Despite its errors in creating the CFPB, it’s not too late for Congress to fix its mistakes. During the current Congress, the House has considered legislation that would convert the CFPB from a single-director model to a five-member commission structure, with each commissioner serving five-year staggered terms. Alternatively, the final version of the CHOICE Act, which passed the House earlier this year, clarifies that the CFPB director is fireable at will by the President. The CHOICE Act also would make the CFPB subject to the normal appropriations process.

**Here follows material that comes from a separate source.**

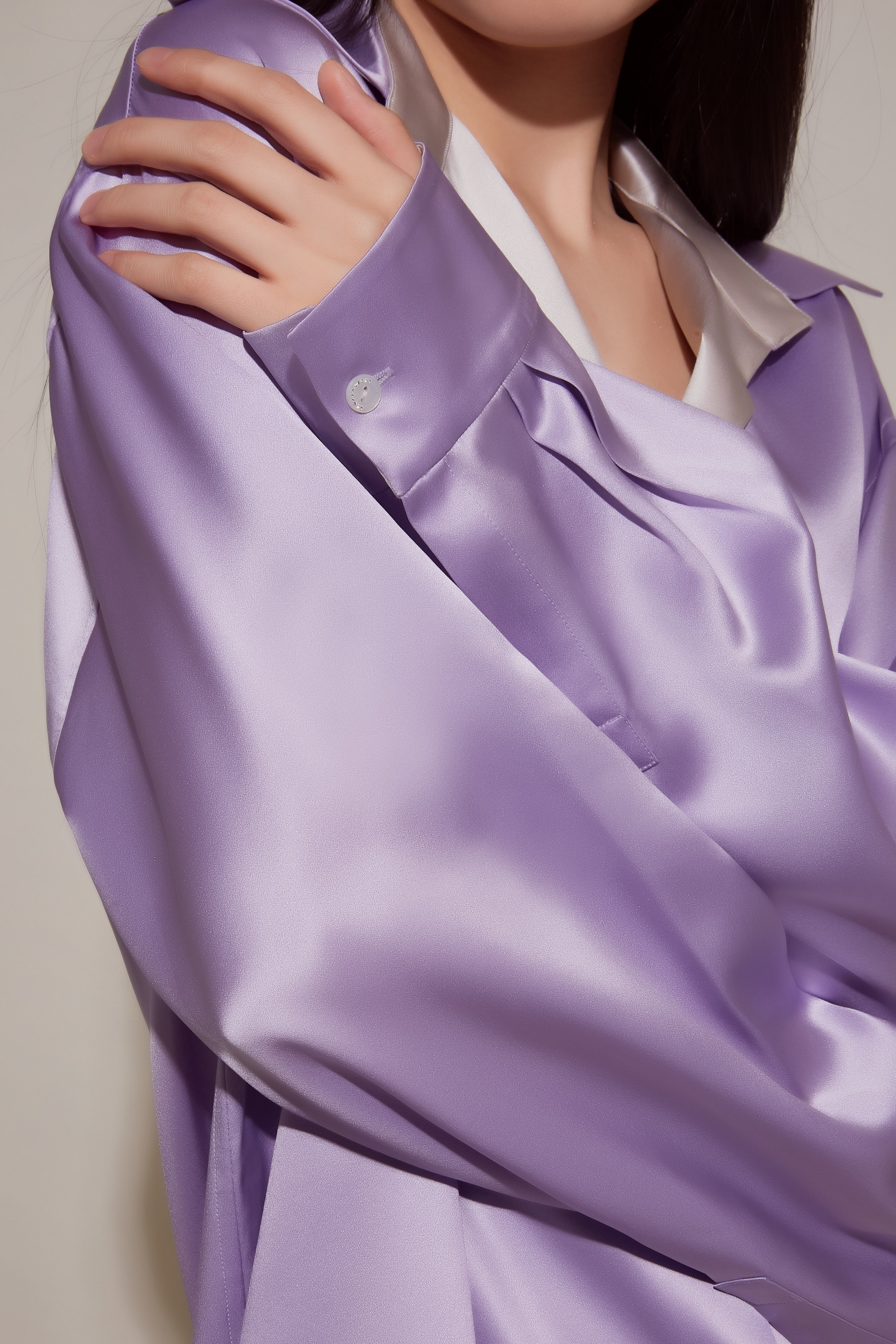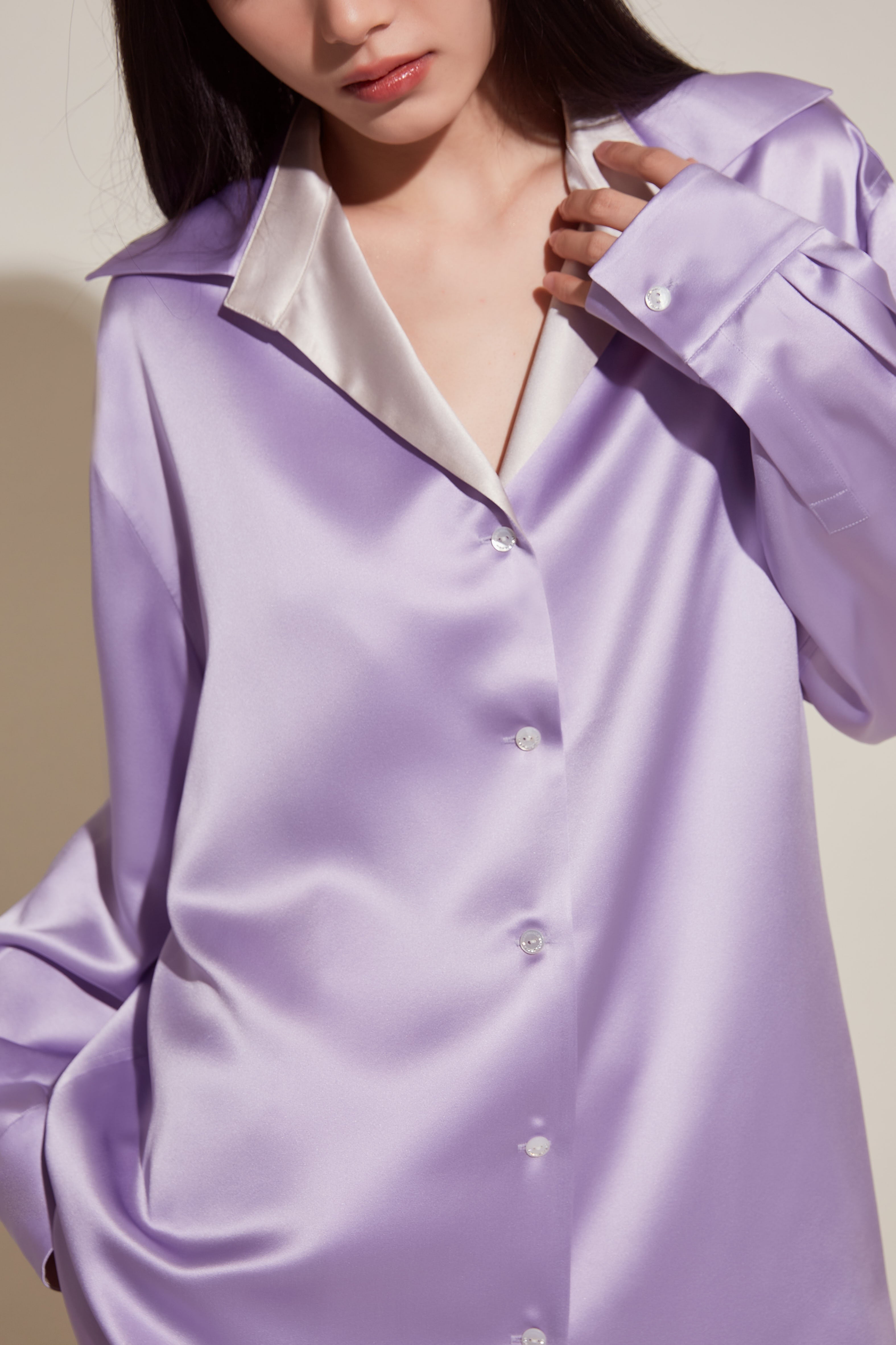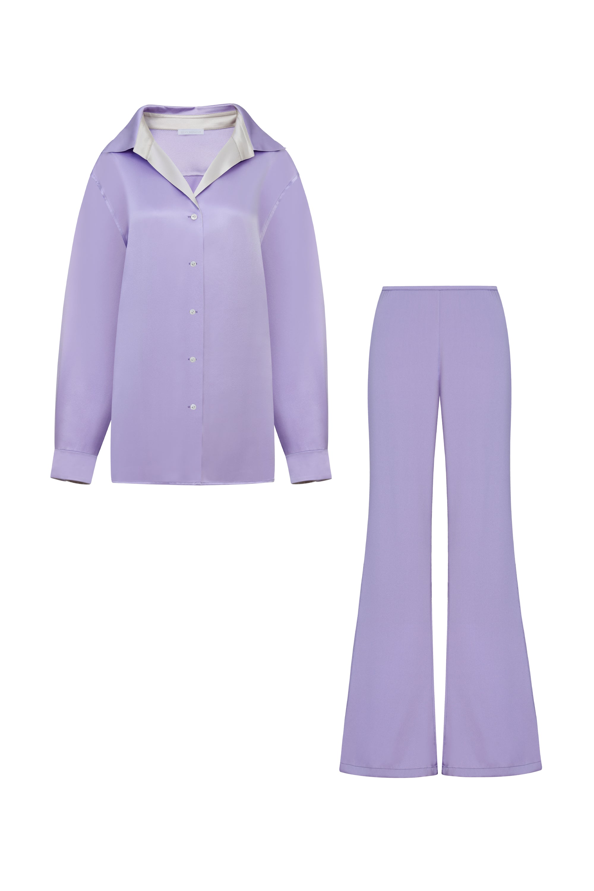 Live beautifully in bold silk shades. Crafted from 100% mulberry silk, featuring an oversized relaxed shirt and fitted flared pants.

Even if broad-sweeping Dodd-Frank reforms like the CHOICE Act are not politically feasible right now, Congress should at least pursue these discrete structural reforms. In particular, converting the agency to a commission model would help avoid succession crises like the one the agency is currently undergoing, as the staggered terms of the commissioners would reduce surprise retirements and deemphasize the importance of any one officer or director at the agency. It would also pull the agency’s ethos in the direction of a truly non-partisan, independent entity, rather than a “political vehicle” masquerading as an independent agency.
If making the CFPB truly independent is not desirable, then it should be treated like any other executive branch agency and have a director that the president can remove at will. Such a goal could be bipartisan, too, as even Barney Frank’s former legislative aide has argued that “Congress should never again create an ‘independent’ agency with a sole director, particularly one not subject to the congressional appropriations process.” Likewise, both parties should be motivated by fears of the other party controlling as unaccountable and powerful a position as CFPB director.
The CFPB has been allowed to operate as a regulatory unicorn for far too long, and its recent leadership struggle is merely a symptom of its unaccountable structure. Congress created this mess, and now it’s time for it to fix it.
C. Jarrett Dieterle is a governance project fellow at the R Street Institute.